Here are summaries of a few of the key topics:

  • British chimney sweep reform: This refers to reforms in the late 18th/early 19th century to improve working conditions for chimney sweeps in Britain, who faced dangerous and difficult work.

  • Darwin’s work on barnacles: Charles Darwin spent over 8 years intensely studying barnacles, which helped inform his later work on evolution and natural selection. His work established barnacles as important model organisms in science.

  • Malthusian theory of population growth: Proposed by Thomas Malthus, this theory held that population would increase geometrically while food production would only increase arithmetically, inevitably leading to famine and conflict over limited resources. It influenced Darwin and others.

  • Knowledge management: Refers to systematically gathering, organizing, sharing, and analyzing an organization’s information, knowledge, and expertise. The rise of digital networks enabled new approaches to knowledge management.

  • Groupthink: A psychological phenomenon where the desire for group cohesion or conformity influences individuals to avoid critical evaluation of alternative ideas or views. It can lead to poor or irrational decisions being made by groups.

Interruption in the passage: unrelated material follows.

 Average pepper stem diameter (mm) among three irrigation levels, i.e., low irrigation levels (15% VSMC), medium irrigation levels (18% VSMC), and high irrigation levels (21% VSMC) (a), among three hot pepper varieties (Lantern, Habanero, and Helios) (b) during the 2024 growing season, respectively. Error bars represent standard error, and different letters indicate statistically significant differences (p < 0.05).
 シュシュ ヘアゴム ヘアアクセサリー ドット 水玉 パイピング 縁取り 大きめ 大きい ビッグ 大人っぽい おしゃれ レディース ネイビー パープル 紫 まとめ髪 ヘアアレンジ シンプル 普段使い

  • Federal Advisory Committees: Known as FACs, these are committees, boards, councils etc. established by U.S. government agencies and departments to provide expert advice on various issues. Their use and role has implications for expertise, transparency and decision-making.

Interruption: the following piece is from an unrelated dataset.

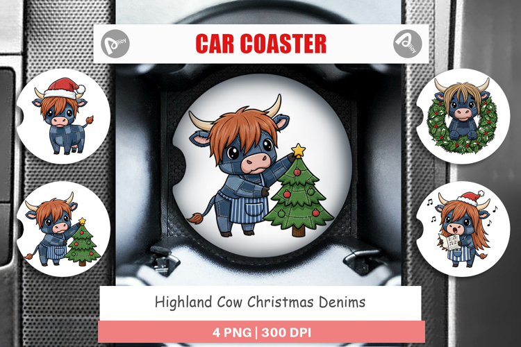 Sublimation Designs Diy Gift Idea Car Coaster Png Car Coaster Sublimation Cow Lover Gift Printable Gift Png Farmhouse Car Accessory Highland Cow Denim Farm Animal Car Decor Denim Cow Design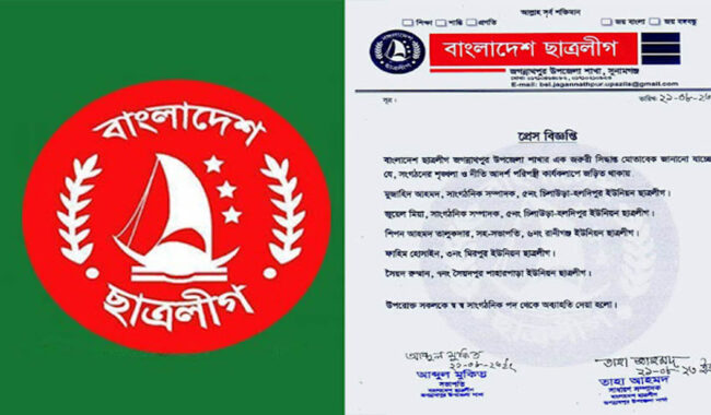 সোমবার (২১ আগস্ট) জগন্নাথপুর উপজেলা ছাত্রলীগেরর জরুরী সভায় তাদের অব্যাহতি প্রদান করা হয়।

  • Networked knowledge: The idea that knowledge now resides in distributed networks and communities online, rather than only in specialist individuals or institutions. The Internet and digital networks have impacted how knowledge is created, shared and scaled. Expertise of diverse amateurs can now be crowdsourced.

Here are brief summaries of the key concepts:

  • Dickens’s antipathy to fact-based knowledge - Dickens had an aversion to knowledge solely based on facts without understanding context or humanity.

  • global - Refers to knowledge being spread widely across the world through digital networks.

  • statistical support for Bentham’s ideas - Early statistical analysis provided empirical backing for philosopher Jeremy Bentham’s utilitarian philosophy.

  • Social tools: information overload - Online social tools like tagging and networks can help manage information overload.

  • Society of Professional Journalists - A professional organization for journalists that sets ethical standards.

  • Socrates - The ancient Greek philosopher who emphasized questioning beliefs rather than asserting facts.

  • Software defaults - The preset options in software programs that shape how people use technology.

  • Statistics - The emergence of statistics as a field provided a new way to analyze large data sets.

  • Sub-networks -Specialized interest networks that form within larger online communities.

  • Transparency - The openness and visibility of information, processes, and institutions. Seen as important for accountability.

  • Truth -The discussion focuses on truth as dependent on context and interpretation rather than absolute facts. Networked knowledge allows new perspectives.

  • Wikipedia - Used as an example of a knowledge system that harnesses collective intelligence but also faces challenges of reliability and bias.

  • The Wisdom of Crowds - A business book advocating the idea that large groups of people can collectively make better predictions than experts. Relates to concepts of wise crowds and collective intelligence.